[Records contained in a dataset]

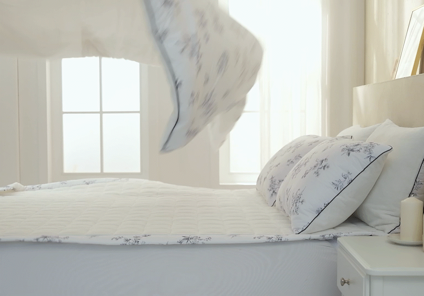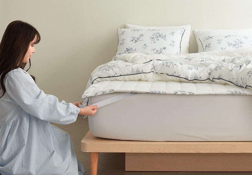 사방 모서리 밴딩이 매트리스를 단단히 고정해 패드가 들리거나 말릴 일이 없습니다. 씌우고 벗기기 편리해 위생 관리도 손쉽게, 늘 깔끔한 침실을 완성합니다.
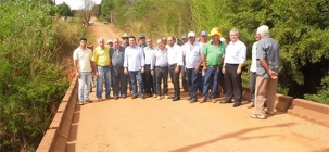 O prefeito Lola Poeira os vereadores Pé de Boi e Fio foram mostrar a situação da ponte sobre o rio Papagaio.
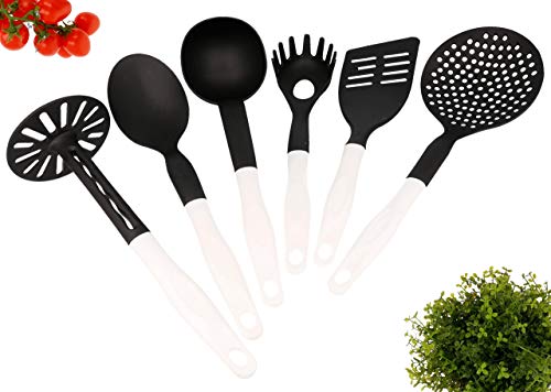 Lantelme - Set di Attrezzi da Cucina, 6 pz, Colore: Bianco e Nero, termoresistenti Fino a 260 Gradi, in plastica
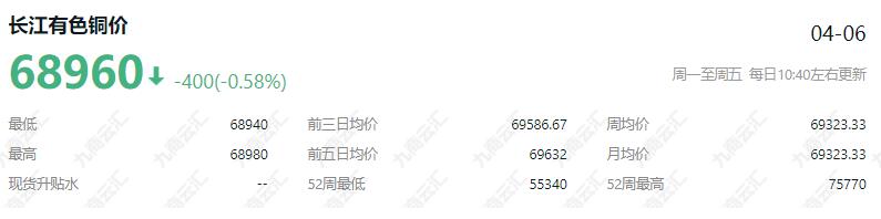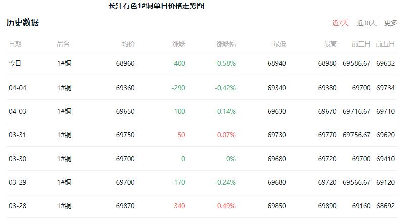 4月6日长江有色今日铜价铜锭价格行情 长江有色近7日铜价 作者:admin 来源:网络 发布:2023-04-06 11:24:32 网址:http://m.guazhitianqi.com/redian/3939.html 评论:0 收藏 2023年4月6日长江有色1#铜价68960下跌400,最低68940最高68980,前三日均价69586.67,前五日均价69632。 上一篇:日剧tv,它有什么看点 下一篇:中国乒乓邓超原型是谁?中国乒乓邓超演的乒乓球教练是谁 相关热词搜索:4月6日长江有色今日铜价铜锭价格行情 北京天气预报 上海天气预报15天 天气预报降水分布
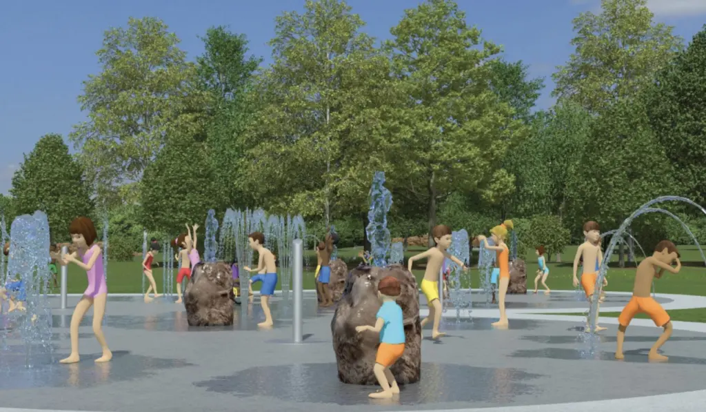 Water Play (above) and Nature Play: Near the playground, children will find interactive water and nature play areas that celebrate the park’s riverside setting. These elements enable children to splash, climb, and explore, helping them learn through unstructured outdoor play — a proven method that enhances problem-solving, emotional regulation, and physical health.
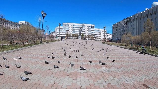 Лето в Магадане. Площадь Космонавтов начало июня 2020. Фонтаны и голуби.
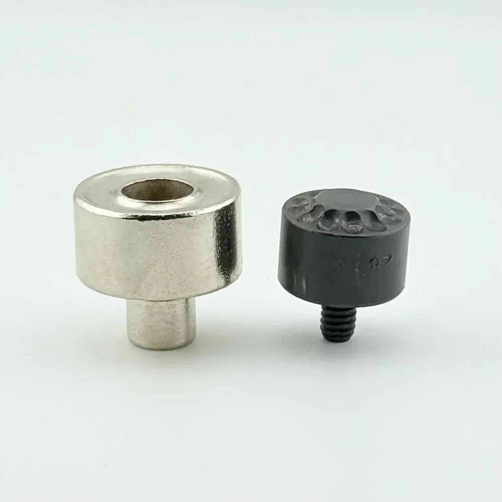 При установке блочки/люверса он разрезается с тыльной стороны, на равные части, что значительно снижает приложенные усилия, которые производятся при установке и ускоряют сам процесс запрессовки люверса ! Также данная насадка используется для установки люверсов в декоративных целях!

• [Exercise aim]: All of the data should come back exactly as written, but without pictures.

• [Answer to the exercise]:
 사방 모서리 밴딩이 매트리스를 단단히 고정해 패드가 들리거나 말릴 일이 없습니다. 씌우고 벗기기 편리해 위생 관리도 손쉽게, 늘 깔끔한 침실을 완성합니다.
 O prefeito Lola Poeira os vereadores Pé de Boi e Fio foram mostrar a situação da ponte sobre o rio Papagaio.
 Lantelme - Set di Attrezzi da Cucina, 6 pz, Colore: Bianco e Nero, termoresistenti Fino a 260 Gradi, in plastica
 4月6日长江有色今日铜价铜锭价格行情 长江有色近7日铜价 作者:admin 来源:网络 发布:2023-04-06 11:24:32 网址:http://m.guazhitianqi.com/redian/3939.html 评论:0 收藏 2023年4月6日长江有色1#铜价68960下跌400,最低68940最高68980,前三日均价69586.67,前五日均价69632。 上一篇:日剧tv,它有什么看点 下一篇:中国乒乓邓超原型是谁?中国乒乓邓超演的乒乓球教练是谁 相关热词搜索:4月6日长江有色今日铜价铜锭价格行情 北京天气预报 上海天气预报15天 天气预报降水分布
 Water Play (above) and Nature Play: Near the playground, children will find interactive water and nature play areas that celebrate the park’s riverside setting. These elements enable children to splash, climb, and explore, helping them learn through unstructured outdoor play — a proven method that enhances problem-solving, emotional regulation, and physical health.
 Лето в Магадане. Площадь Космонавтов начало июня 2020. Фонтаны и голуби.
 При установке блочки/люверса он разрезается с тыльной стороны, на равные части, что значительно снижает приложенные усилия, которые производятся при установке и ускоряют сам процесс запрессовки люверса ! Также данная насадка используется для установки люверсов в декоративных целях!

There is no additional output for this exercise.